Josien van den Noort, Vanessa Scholtes, Jules Becher, Jaap Harlaar
VU University Medical Center, Department of Rehabilitation Medicine, MOVE Research Institute, Amsterdam, The Netherlands
Cerebral palsy (CP) is the most common cause of physical disability in childhood, affecting 1.5-3.0 per 1000 living births in Europe. Spasticity is a clinical phenomenon that is frequently present in CP. It is characterized by a velocity-dependent increase in stretch reflexes. This hyper excitability of stretch reflexes in muscles limits children in their mobility and gait.
Several physical examination tests have been developed to assess spasticity. These tests are used to assist clinical decision-making and the evaluation treatment, such as botulinum toxin type A injections, selective dorsal rhizotomy and orthopaedic surgery. However, performance and interpretation of these tests are often subjective and inaccurate, and standardisation is often lacking. Furthermore, the definition of spasticity, in relation to its aetiology and its clinical expression at joint level, has been subject to debate for a long time.
Instrumentation of a spasticity test could be very helpful for standardization of test performance, objective results and insight in the underlying mechanisms of spasticity.

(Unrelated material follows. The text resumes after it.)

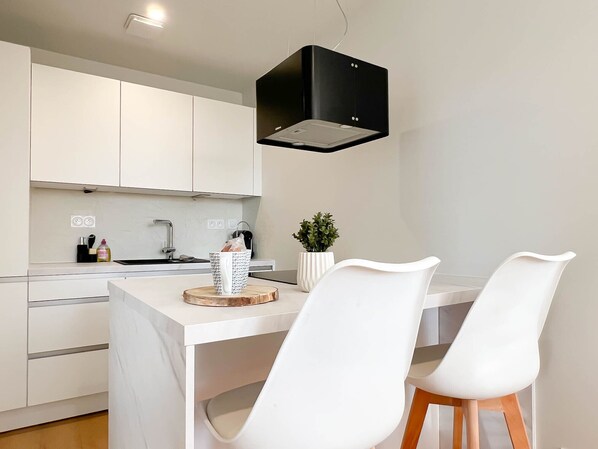 Une cuisine équipée (lave-vaisselle, plaques induction, four, machine à café Nespresso)

We therefore applied IMMS (sensors of the inertial and magnetic measurement system of Xsens, Xbus Kit) and EMG (electromyography) to measure joint angle, joint angular velocity and acceleration, and muscle activity during performance of the SPAT (Spasticity Test, based on the Tardieu Scale) in 20 children with CP.
The SPAT included a slow and a fast passive stretch of three different lower leg muscles: the medial hamstrings (knee extension movement), the soleus and the gastrocnemius (ankle dorsal flexion movement). The slow stretch was performed to measure the total range of motion of the joint (ROM). The fast stretch was performed to measure spasticity. Spasticity is indicated by a catch, which is an abrupt stop or increased resistance in the motion caused by a sudden increase in muscle activity, before the end ROM is reached.
Two IMMS sensors were placed on the proximal and distal body segment suing neoprene straps. EMG sensors were placed on the muscles. The joint angles that were measured with the IMMS sensors were compared to goniometric measurements. A goniometer is usually applied in clinical practice to measure the angle of the catch after the performance of the stretch movement. Furthermore, we compared the muscle activity from the slow movements with the muscle activity from the fast movements with and without catch.
Application of IMMS improves the objectivity, accuracy and standardization of joint angle measurement during spasticity tests. The catch can easily be defined in the joint angle signal. In contrast, a goniometer can only be used in a static situation after the muscle stretch, causing inaccurate measurement of the catch.
The EMG measurements showed that muscle activity is highly increased in fast passive stretches were a catch is encountered. This indicates that muscle activity is primarily responsible for the catch.
In clinical practice, the combination of IMMS with EMG adds to the reliability and meaningfulness of clinical spasticity tests, and provides insight into the expression of spasticity at joint level.